Quinto relato de «leyendas oscuras de otro tiempo»

Cazador


No se conocen apenas asesinos seriales sevillanos, «El arropiero» es el más prolífico y no operó en la ciudad, pero no destaca la urbe por ser nido de grandes y destacados psicópatas. Gracias a Dios. Seguro que como suele suceder, alguno escapa de la justicia y nunca se sabrán las fechorías que han hecho en su deshonrosa vida. Hoy hablamos de un hombre calculador, un proyecto de asesino serial que estaba descubriéndose a sí mismo.

Esta Historia sucede en medio del siglo XIX de la Sevilla costumbrista de la época. El protagonista se llama Saturnino Pazos, tercer hijo de cuatro de un severo boticario.

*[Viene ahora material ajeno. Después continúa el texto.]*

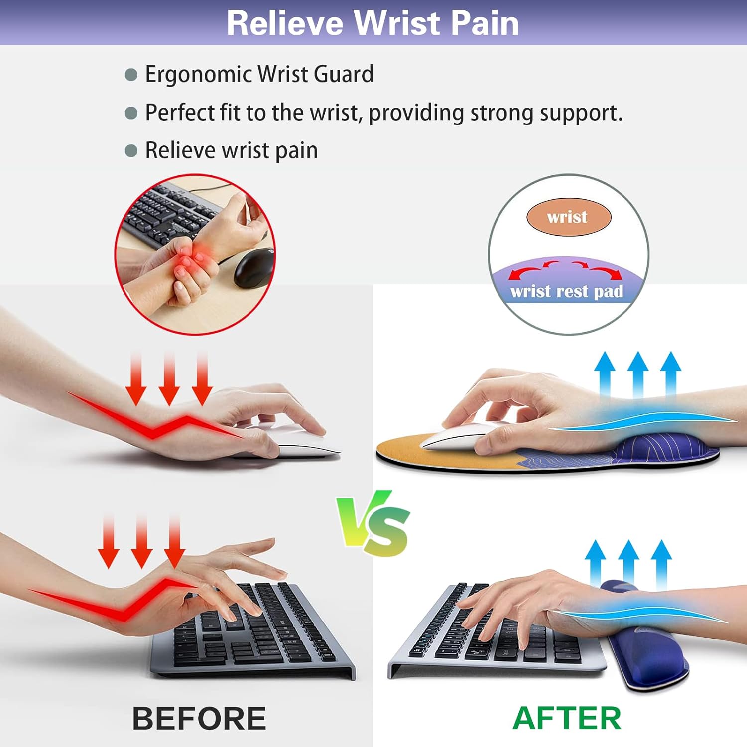 - 【Ergonomic Mouse Wrist Rest Pad】-The mouse pads for desk with wrist support are designed to be ergonomic wrist support,made of soft memory foam padding,which rebounds slowly,providing comfortable support for your wrists and hands,alleviating wrist pain,preventing carpal tunnel syndrome,and is very suitable for long-term use.

Más allá de ser un hijo no deseado tanto por su madre como por su padre, le tocó arrimar el hombro siendo aún muy niño. Para deshacerse de una boca que alimentar, su padre le hizo alistar muy joven en el ejército. Tuvo la desgracia de que haciendo el servicio dio inicio la Segunda Guerra Carlista sirviendo al gobierno oficial. Allí fue herido y licenciado tras cinco años de servicio, alcanzando el rango de cabo y con el logro personal de haber matado a tres enemigos con sus propias manos. Restablecido a la vida civil, y gracias a lo aprendido en la guerra, abrió una carnicería en las inmediaciones de San Ildefonso, donde pronto tuvo unas rentas estables. Era retraído con la gente, especialmente con las mujeres, lo que impedía que tuviese opciones de casamiento, pero se hizo famoso por sus dotes y honradez.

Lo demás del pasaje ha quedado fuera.